▶ **WORK INSTRUCTION**: Reproduce exactly the lines of this material that begin at the line with "RUE PARIS Tmavě" and end at the line with "Практичный фиксированный излив, оснащенный", both included. Omit the pictures and everything else.

▶ **INPUT MATERIAL**:
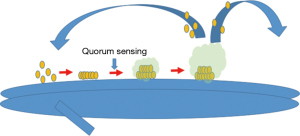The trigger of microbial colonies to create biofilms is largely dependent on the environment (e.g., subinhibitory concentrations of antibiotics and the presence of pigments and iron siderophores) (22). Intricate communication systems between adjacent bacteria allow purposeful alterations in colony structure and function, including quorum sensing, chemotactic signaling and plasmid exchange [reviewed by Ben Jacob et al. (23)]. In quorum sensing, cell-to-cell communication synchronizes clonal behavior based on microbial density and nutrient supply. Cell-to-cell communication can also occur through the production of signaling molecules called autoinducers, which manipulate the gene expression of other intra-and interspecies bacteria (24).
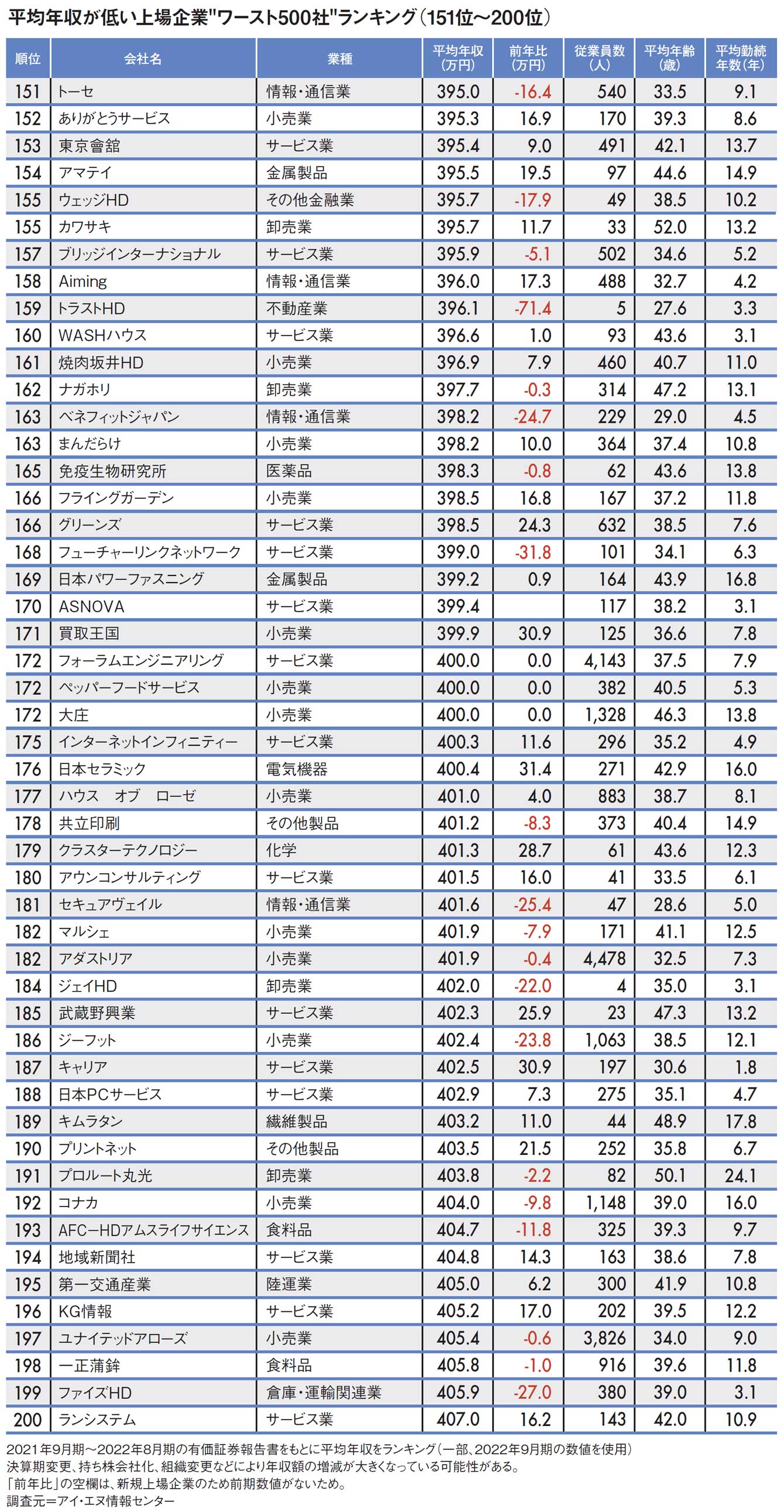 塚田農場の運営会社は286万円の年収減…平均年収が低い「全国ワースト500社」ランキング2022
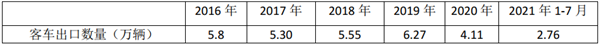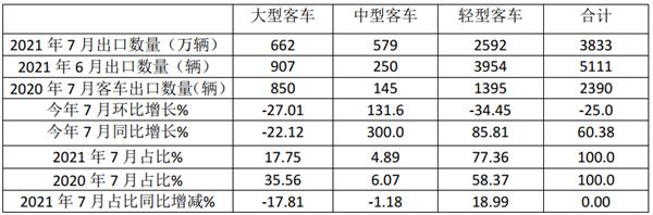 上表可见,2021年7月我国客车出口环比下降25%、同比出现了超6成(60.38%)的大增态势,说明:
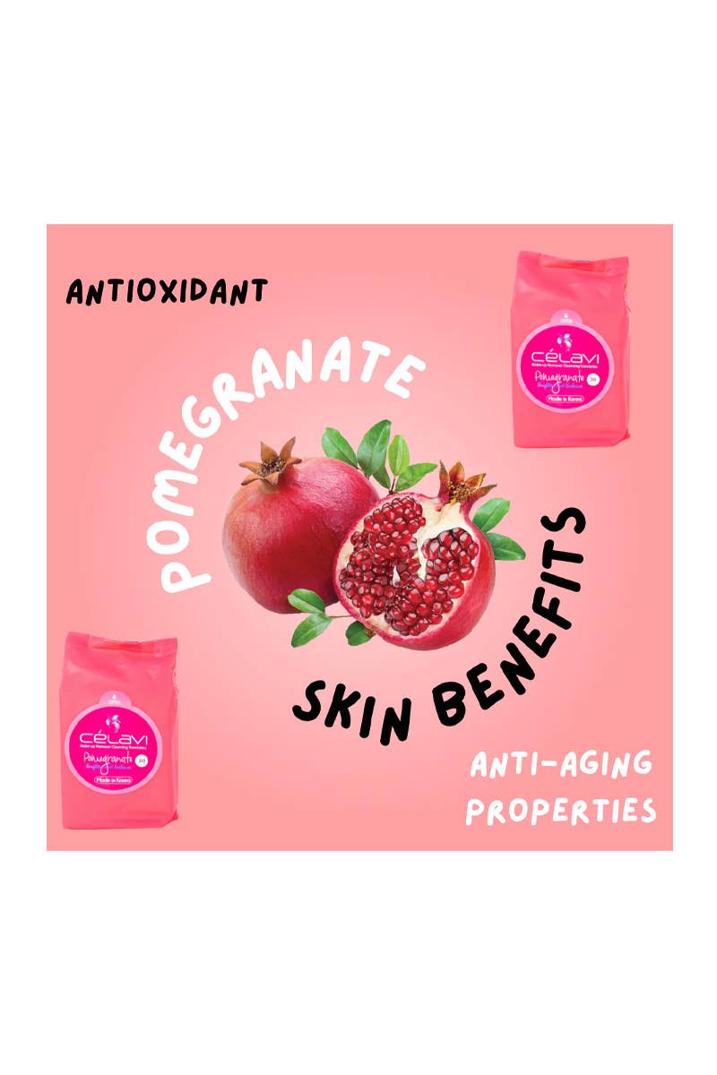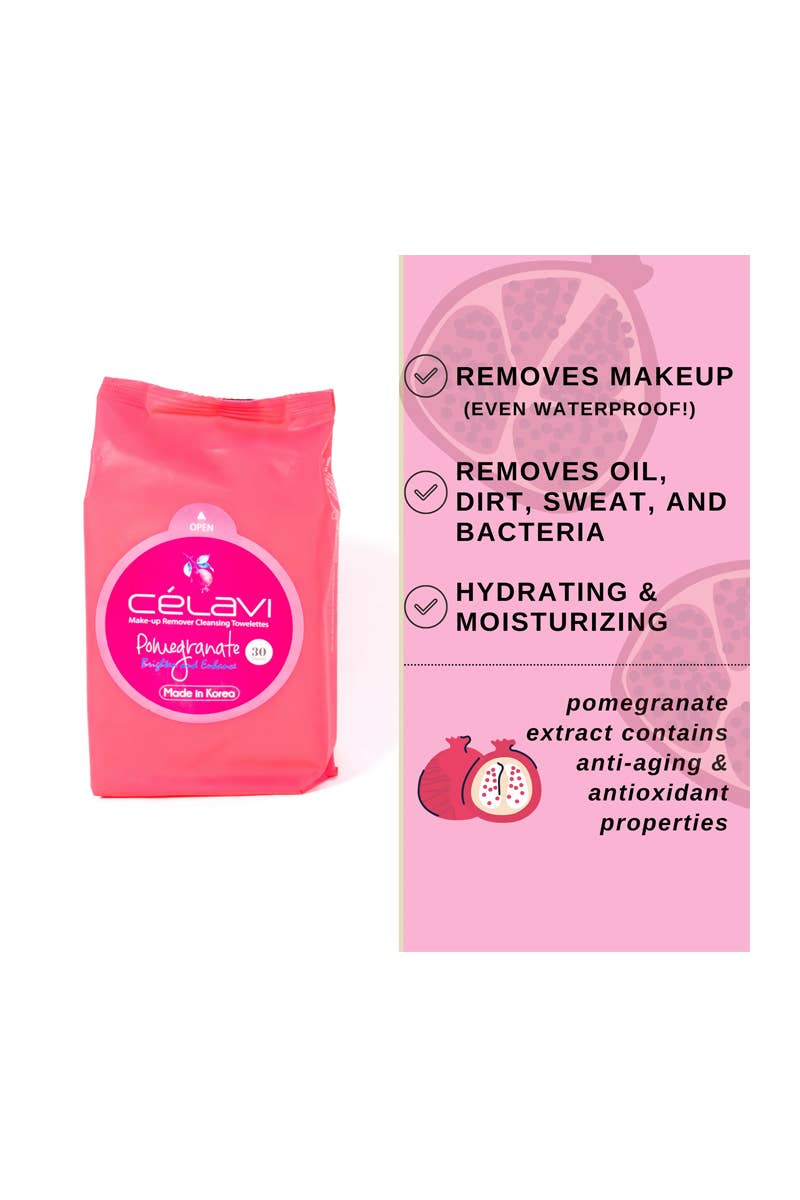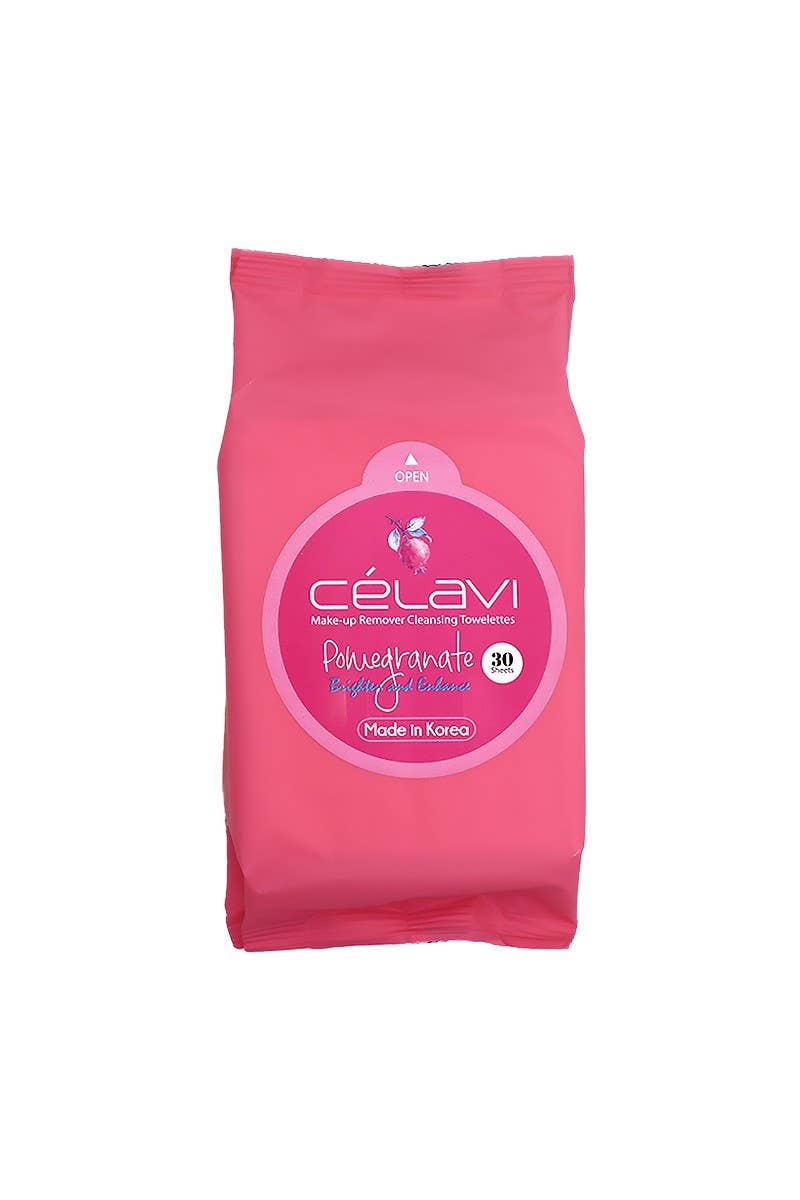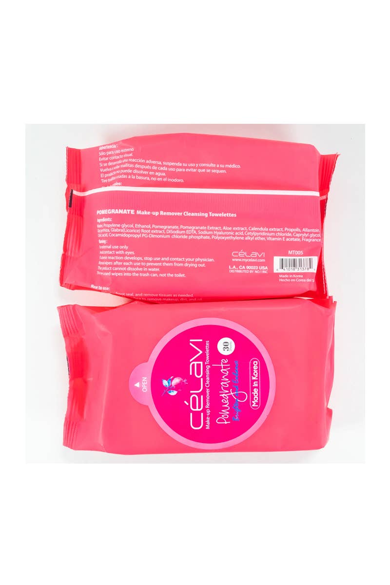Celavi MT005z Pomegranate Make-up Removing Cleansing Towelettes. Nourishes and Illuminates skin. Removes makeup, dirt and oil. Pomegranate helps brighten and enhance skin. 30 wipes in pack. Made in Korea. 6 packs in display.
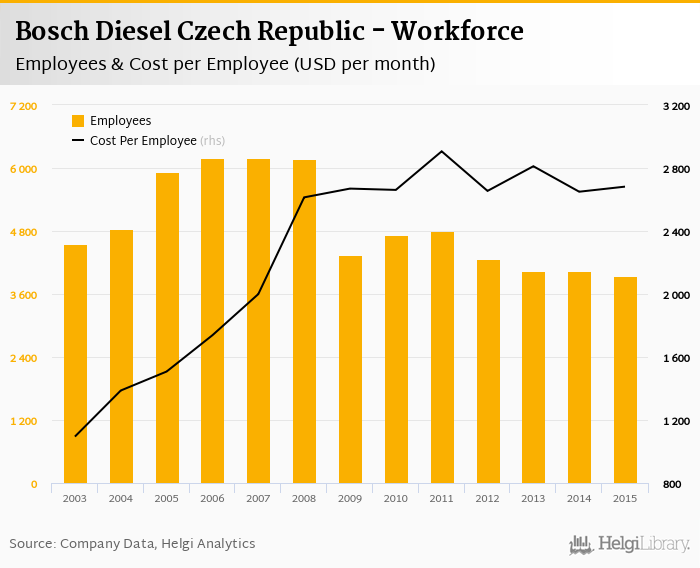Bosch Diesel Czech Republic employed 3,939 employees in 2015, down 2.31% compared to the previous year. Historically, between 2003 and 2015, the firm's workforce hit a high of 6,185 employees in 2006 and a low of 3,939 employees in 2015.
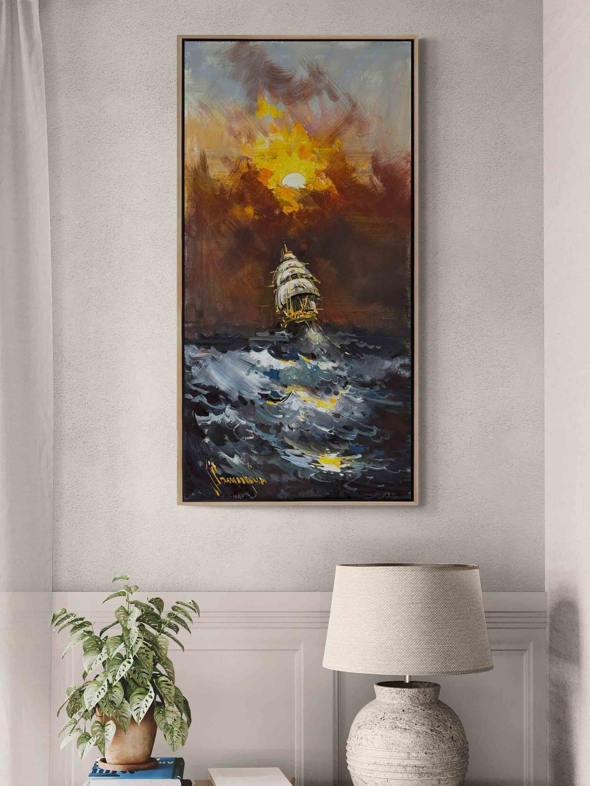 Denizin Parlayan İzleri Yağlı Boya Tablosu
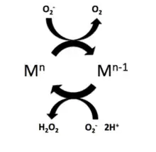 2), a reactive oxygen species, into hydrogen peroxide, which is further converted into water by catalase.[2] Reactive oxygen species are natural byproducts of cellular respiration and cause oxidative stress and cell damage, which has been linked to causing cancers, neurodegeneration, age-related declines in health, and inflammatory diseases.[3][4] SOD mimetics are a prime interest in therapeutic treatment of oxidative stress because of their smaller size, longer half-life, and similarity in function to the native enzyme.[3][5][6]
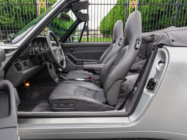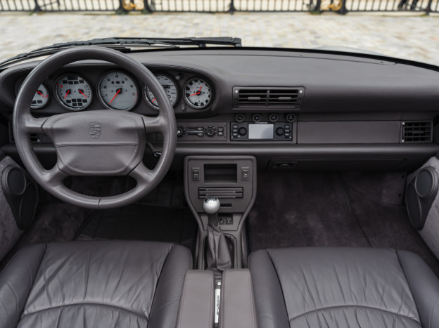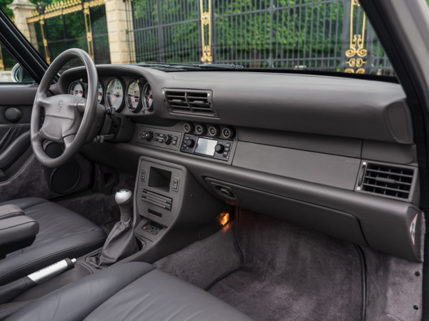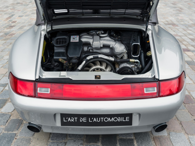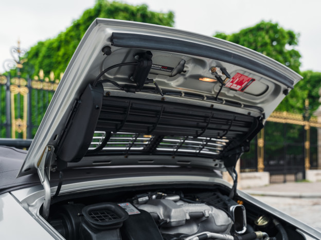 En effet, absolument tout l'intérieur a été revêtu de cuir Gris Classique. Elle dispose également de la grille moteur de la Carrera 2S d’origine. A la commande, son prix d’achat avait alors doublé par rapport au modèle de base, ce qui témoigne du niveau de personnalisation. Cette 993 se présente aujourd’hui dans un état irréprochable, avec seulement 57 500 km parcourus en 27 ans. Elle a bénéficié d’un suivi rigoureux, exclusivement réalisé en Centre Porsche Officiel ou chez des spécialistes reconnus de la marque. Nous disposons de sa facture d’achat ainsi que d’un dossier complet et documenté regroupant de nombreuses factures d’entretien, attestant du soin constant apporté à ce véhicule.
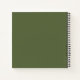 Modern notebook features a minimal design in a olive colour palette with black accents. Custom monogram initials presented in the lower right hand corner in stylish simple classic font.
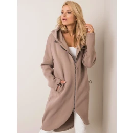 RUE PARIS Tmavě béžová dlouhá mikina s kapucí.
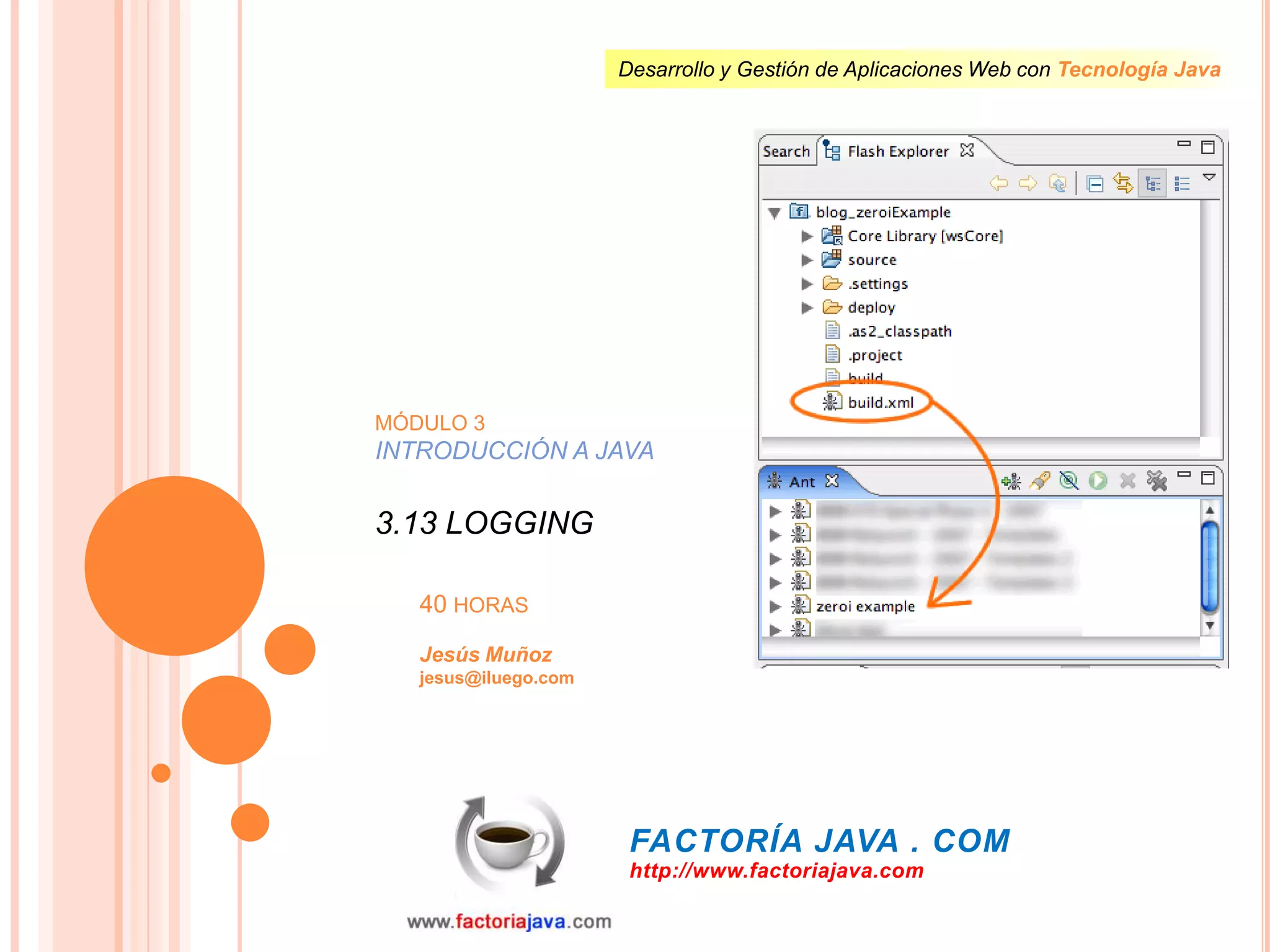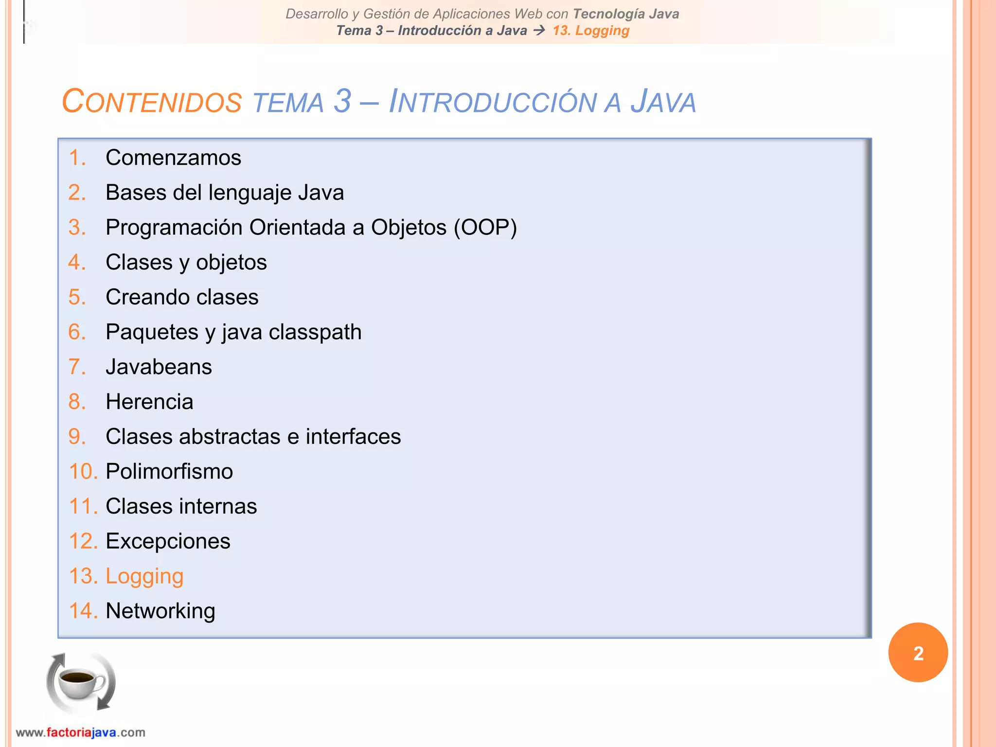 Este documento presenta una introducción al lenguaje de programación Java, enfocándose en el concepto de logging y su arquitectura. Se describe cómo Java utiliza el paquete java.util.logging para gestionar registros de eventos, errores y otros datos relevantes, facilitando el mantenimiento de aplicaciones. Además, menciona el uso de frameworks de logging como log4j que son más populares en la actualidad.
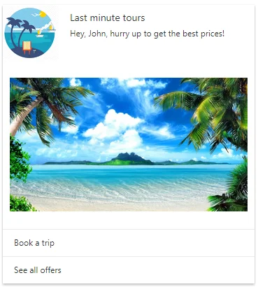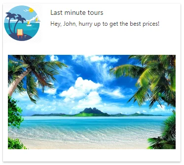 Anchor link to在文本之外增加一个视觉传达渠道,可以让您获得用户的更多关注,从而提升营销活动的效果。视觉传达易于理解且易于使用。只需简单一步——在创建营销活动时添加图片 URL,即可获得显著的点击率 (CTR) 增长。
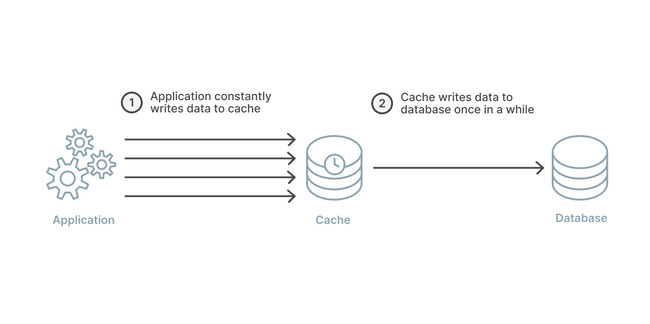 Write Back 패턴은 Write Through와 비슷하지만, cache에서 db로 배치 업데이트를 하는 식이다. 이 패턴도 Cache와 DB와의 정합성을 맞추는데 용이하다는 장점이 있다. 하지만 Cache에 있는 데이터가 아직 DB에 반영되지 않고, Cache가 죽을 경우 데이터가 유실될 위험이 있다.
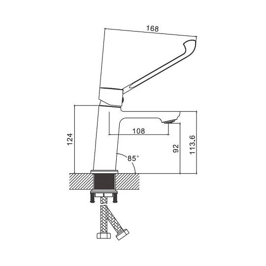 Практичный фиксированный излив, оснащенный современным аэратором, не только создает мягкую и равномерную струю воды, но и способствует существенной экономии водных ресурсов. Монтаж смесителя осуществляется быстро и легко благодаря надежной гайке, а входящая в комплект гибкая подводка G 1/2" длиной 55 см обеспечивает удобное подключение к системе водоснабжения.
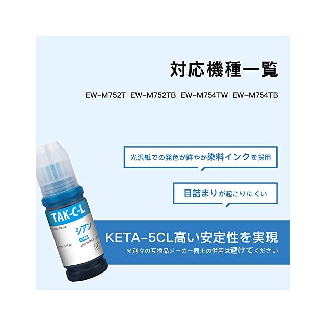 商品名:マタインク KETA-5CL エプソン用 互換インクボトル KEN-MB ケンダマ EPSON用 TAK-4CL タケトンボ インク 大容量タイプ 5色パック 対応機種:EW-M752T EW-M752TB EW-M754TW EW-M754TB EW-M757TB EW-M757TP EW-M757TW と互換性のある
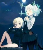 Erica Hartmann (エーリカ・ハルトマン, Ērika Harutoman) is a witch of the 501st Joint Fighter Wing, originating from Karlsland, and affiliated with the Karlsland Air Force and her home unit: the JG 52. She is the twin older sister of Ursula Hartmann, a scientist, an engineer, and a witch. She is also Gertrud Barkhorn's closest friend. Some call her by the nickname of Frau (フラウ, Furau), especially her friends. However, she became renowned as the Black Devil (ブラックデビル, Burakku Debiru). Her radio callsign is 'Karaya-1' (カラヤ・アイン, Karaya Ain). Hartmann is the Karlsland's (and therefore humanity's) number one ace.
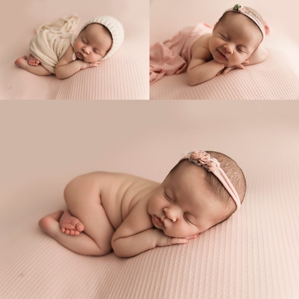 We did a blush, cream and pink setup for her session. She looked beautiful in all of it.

▶ **RESPONSE AREA**:
 RUE PARIS Tmavě béžová dlouhá mikina s kapucí.
 Este documento presenta una introducción al lenguaje de programación Java, enfocándose en el concepto de logging y su arquitectura. Se describe cómo Java utiliza el paquete java.util.logging para gestionar registros de eventos, errores y otros datos relevantes, facilitando el mantenimiento de aplicaciones. Además, menciona el uso de frameworks de logging como log4j que son más populares en la actualidad.
 Anchor link to在文本之外增加一个视觉传达渠道,可以让您获得用户的更多关注,从而提升营销活动的效果。视觉传达易于理解且易于使用。只需简单一步——在创建营销活动时添加图片 URL,即可获得显著的点击率 (CTR) 增长。
 Write Back 패턴은 Write Through와 비슷하지만, cache에서 db로 배치 업데이트를 하는 식이다. 이 패턴도 Cache와 DB와의 정합성을 맞추는데 용이하다는 장점이 있다. 하지만 Cache에 있는 데이터가 아직 DB에 반영되지 않고, Cache가 죽을 경우 데이터가 유실될 위험이 있다.
 Практичный фиксированный излив, оснащенный современным аэратором, не только создает мягкую и равномерную струю воды, но и способствует существенной экономии водных ресурсов. Монтаж смесителя осуществляется быстро и легко благодаря надежной гайке, а входящая в комплект гибкая подводка G 1/2" длиной 55 см обеспечивает удобное подключение к системе водоснабжения.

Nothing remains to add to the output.